– Я думаю, что если бы тебе дали звезду с неба, то ты бы ее вставил в подсвечник, чтобы посмотреть, будет ли она гореть. Ты всегда стремишься к недостижимому, мечешься, а когда получаешь, начинаешь скучать, оттого что больше нечего делать. Ты сделан из того же теста, что и все артисты, но, к счастью, не все мужья.

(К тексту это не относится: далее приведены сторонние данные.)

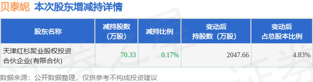 证券之星消息,4月22日贝泰妮发布公告《贝泰妮:关于持股5%以上股东减持计划实施完成的公告》,其股东天津红杉聚业股权投资合伙企业(有限合伙)于2026年4月22日合计减持70.33万股,占公司目前总股本的0.166%,变动期间该股股价下跌2.16%,截止4月22日收盘报36.21元。
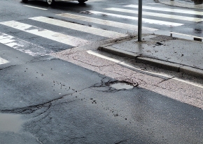 A Szüret u. - Áfonya utca kereszteződésében, a kereszteződéstől pár méterre az Áfonya utca felé egy mély kátyú található (a képen szereplő állapotnál már nagyobb). Kérem a javítását.
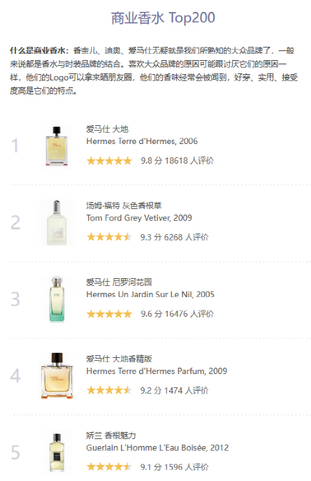 在國內香水消費者較為集中的平台“香水時代”上,根據消費者評分出具的商業香排行榜單TOP5分別是大地、灰色香根草、尼羅河花園、大地香精版、香根魅力,這五款香水的香調都屬於較為淡雅的柑橘、花香、果香、木質,其中三款香水出自同一個傳奇調香師“JCE”之手,但這個作出三款深受國內消費者喜愛作品的調香師,到了真正的東方香調作品又顯得有些捉襟見肘。
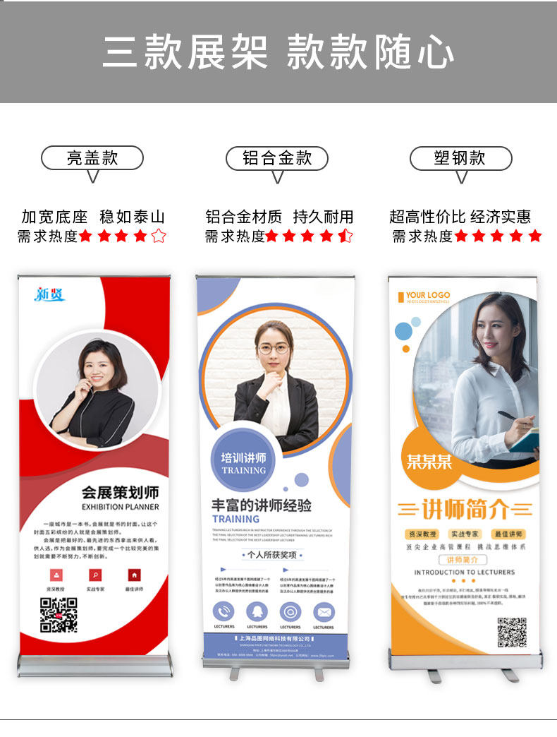 易拉宝展示架定制伸缩展架立式落地式广告牌展示牌设计海报制作
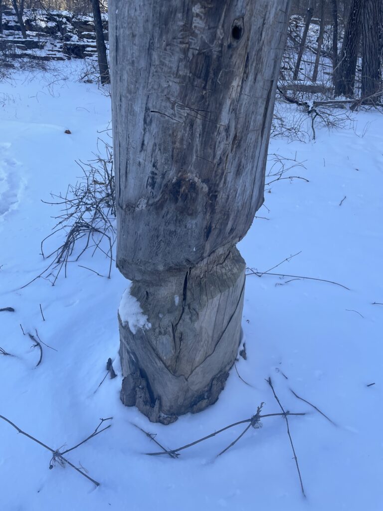 This week me and my friend Jc went behind trinity campus to the salmon hole on the Winooski River. We started walking around 4 pm and the views were amazing. The first signs of animals besides the crows that were cooing in the trees were an old tree that looked like it had been chewed by a beaver.
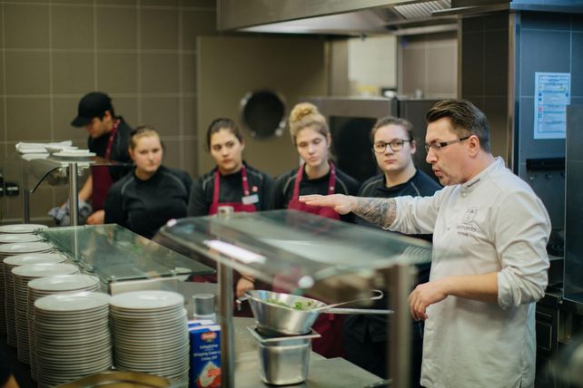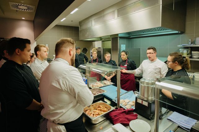 Die Studierenden erlernen neben dem Kochhandwerk auch ökonomisches Fachwissen in Bereichen wie Kalkulation, Food & Beverage Management oder Sales & Marketing. „Ich finde es super hilfreich, schon während des Studiums Praxiserfahrung zu sammeln. So versteht man auch viel besser, was man in der Hochschule vermittelt bekommt“, erklärt Lukas Rumler, der seine Praxisphasen im Leonardo Royal Munich macht.
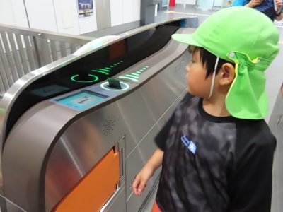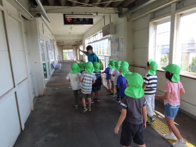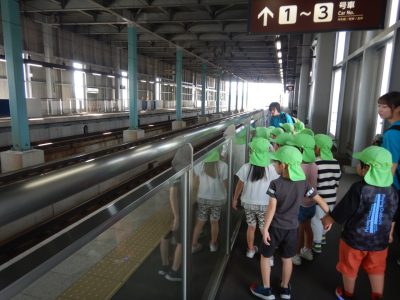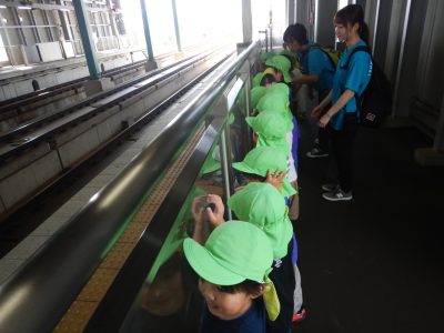 新幹線の駅のホームでは、どっちから新幹線が来るのかな?線路が大きいねなど興味津々の子どもたち。
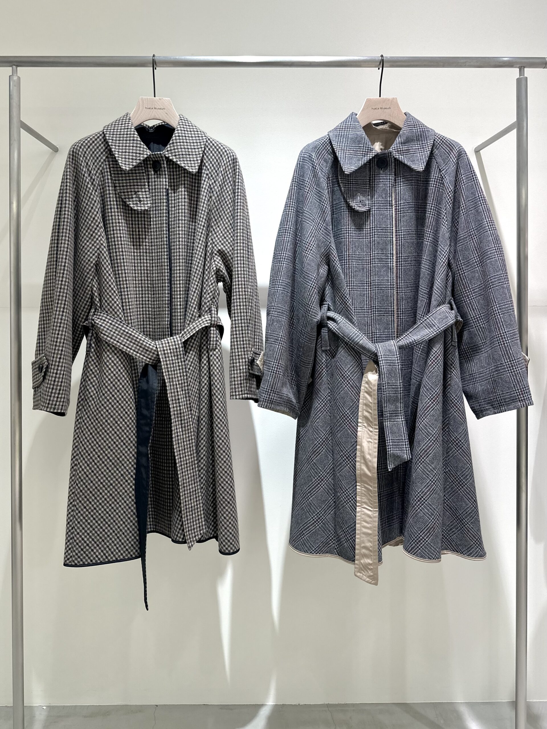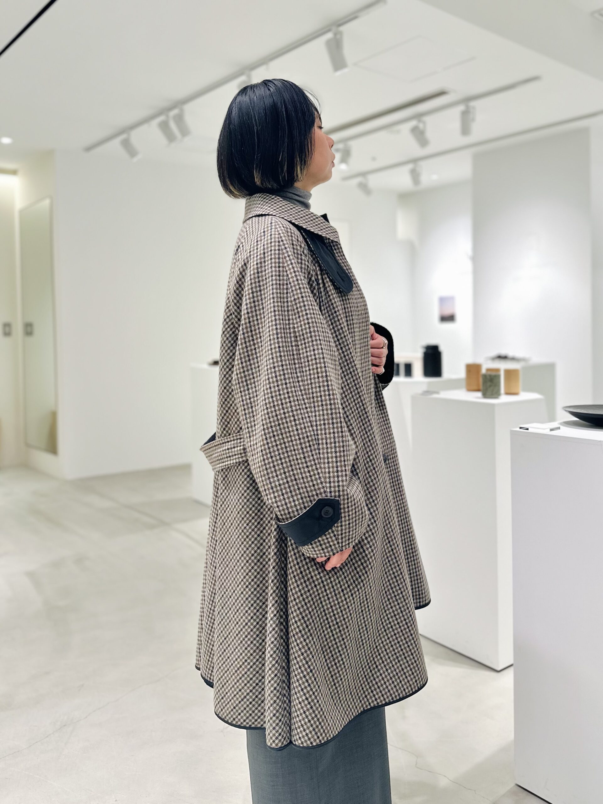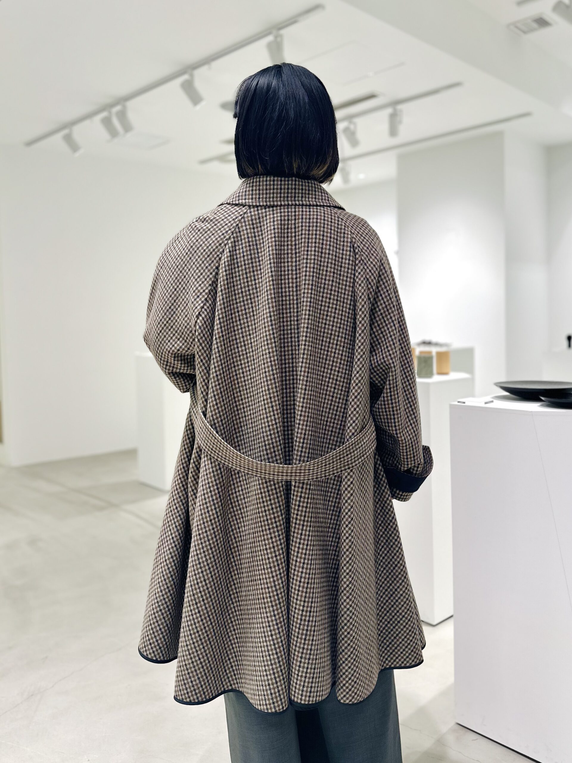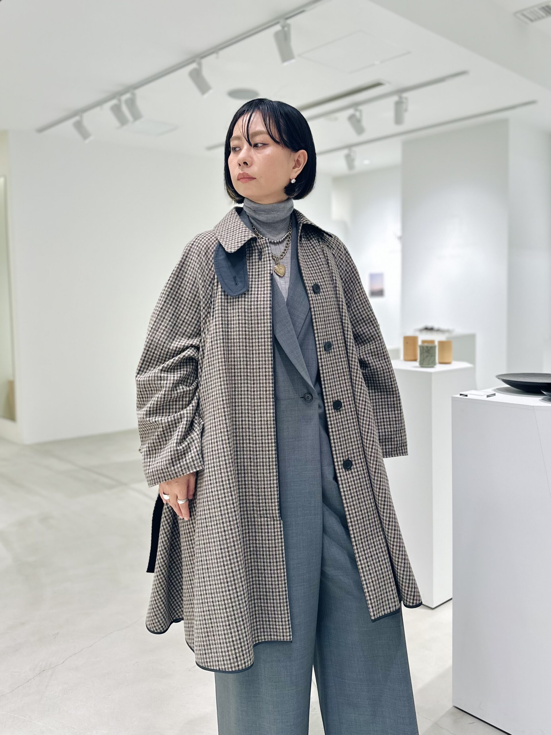 ラグランスリーブと特徴的な襟元を持つクラシカルな“バルマカーンコート”で、表地はウールのグレンチェック、裏地はポリエステルの単色でリバーシブルに使えるのも魅力。サーキュラーのように広がる身頃は、ベルトを外すと、とってもドラマチックな動きが生まれます。ベルトをキュッと締めればドレッシーな印象になり、マスキュリンなアイテムながら、フェミニンさも感じられるコートです。
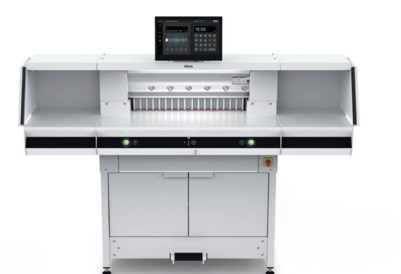 Deux massicots programmables de dernière génération pour une efficacité et une productivité accrues. Avec barrage immatériel et pression hydraulique.
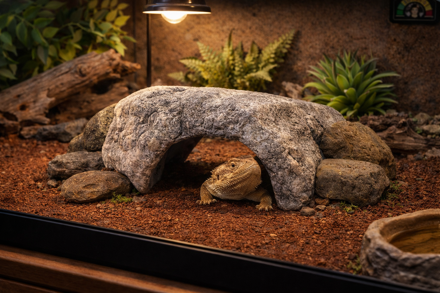Dáng vòm giúp bò sát di chuyển thoải mái xuyên qua nơi trú, đồng thời làm bố cục trong bể nhìn sinh động hơn. Phần đế vững giúp đặt vào chuồng dễ, hạn chế bị lật, và bề mặt texture kiểu đá cũng hợp với setup sa mạc, rừng, hoặc bioactive.
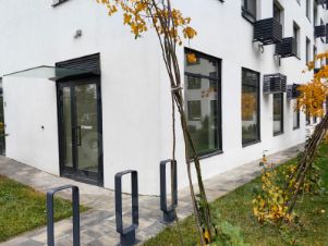 Перед зданием — зелёная зона и лес — приятный вид и спокойная атмосфера
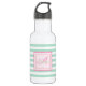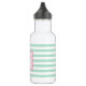 Botella De Agua Monograma en franjas verdes de menta personalizada
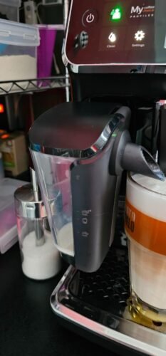 Besonders gefällt uns, dass der Milchbehälter wo die Milch aufgeschäumt wird ohne irgendwelche Schläuche oder sonst was auskommt was im Zweifel durch die Maschine läuft und dann dort Schimmelgefahr verursacht.
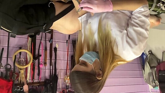 blondie doc aux grosses fesses et sa patiente aux cheveux noirs, branlette avec fucktoy
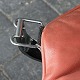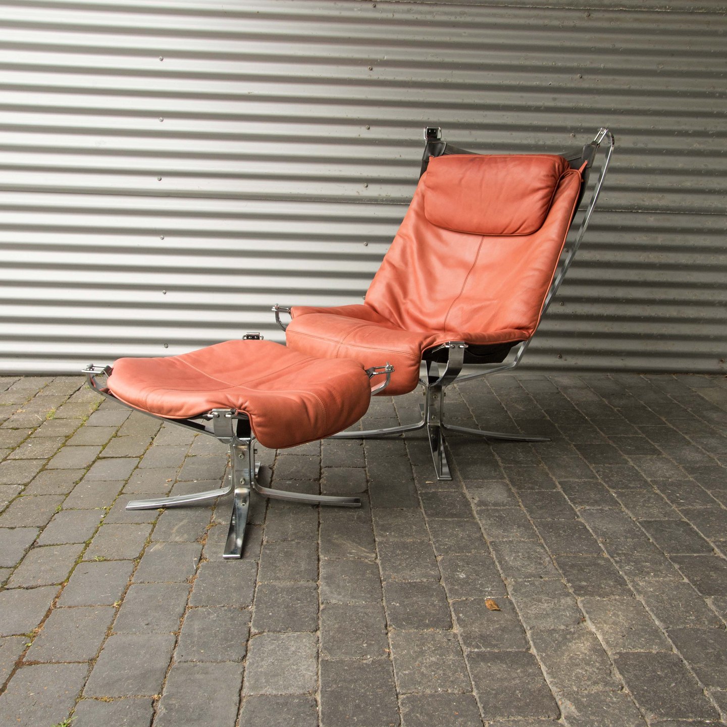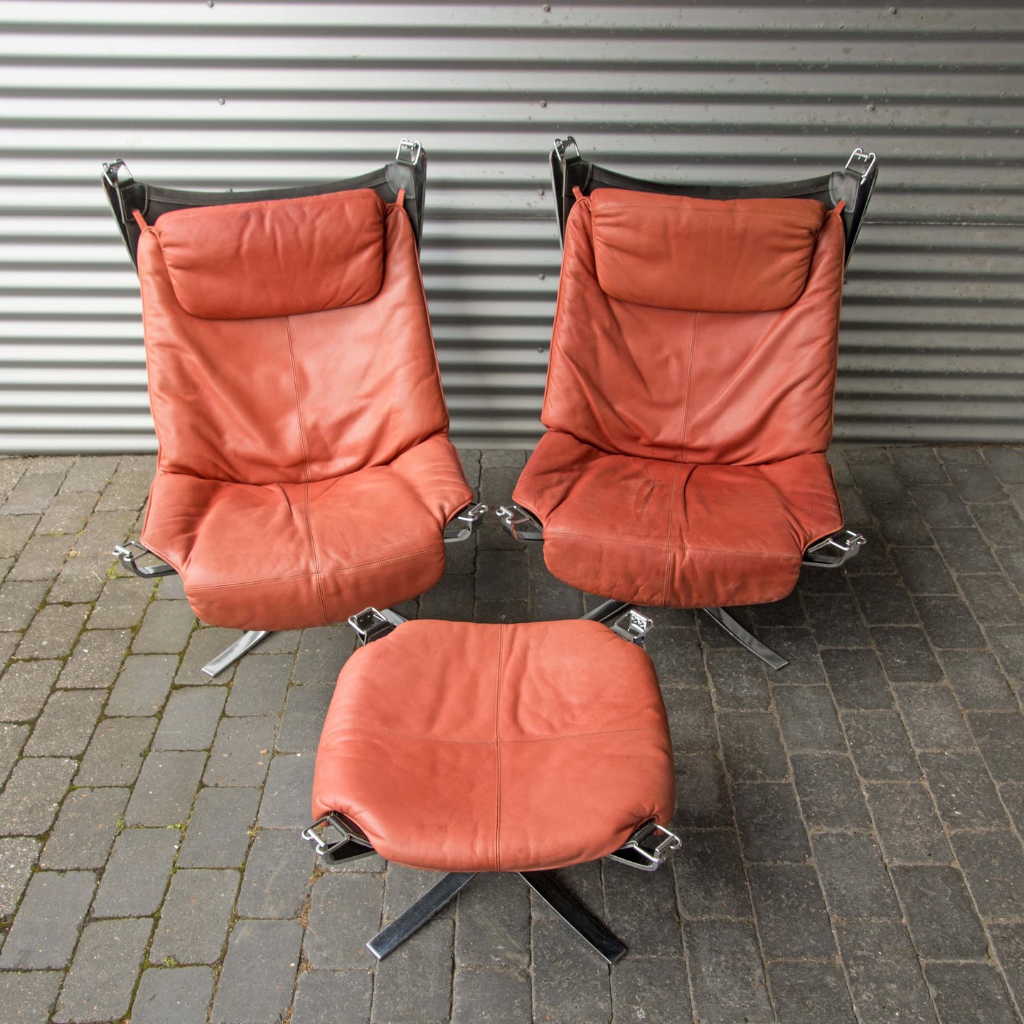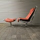 Et sæt højrygget lænestole med skammel i forkromet stål og rødt læder model Falcon.

– Я поссорился с Ирэн из-за ребенка.
– Конечно, ты ревновал, как всегда. Ах, этот ребенок! – лицо ее расцвело в улыбку. – Крошка Карл! Ему теперь четыре года. Какое счастье, что он поправляется. Если бы ты знал, какой он прелестный ребенок. Он уже говорит по-французски. У него славная няня, добрая душа. Я сначала была так одинока в замке, она позволила Карлу приходить ко мне. Потом дядя Габриэль мне разрешил остаться там…
– Дядя Габриэль?
– Да, он приехал навестить малыша, а вместе с ним приехал знаменитый путешественник… Я забыла его фамилию… Да, Шторн.
– Разве Шторн тоже приезжал?
– Да. Огромный верзила с чудными волосами и такой милой улыбкой.
– Не была ли случайно в замке мадам Кланс?
Анжель отрицательно покачала головой.
– Нет, но как-то раз приезжала одна девушка с немецкой фамилией.
– Девушка?
Жан насторожился.
– Да, довольно миленькая, невысокого роста. Она спрашивала тебя и сказала, что уезжает на другой день в Петербург.
Это была Аннет! Жан был уверен в этом. Бедная Аннет, он ее не забыл…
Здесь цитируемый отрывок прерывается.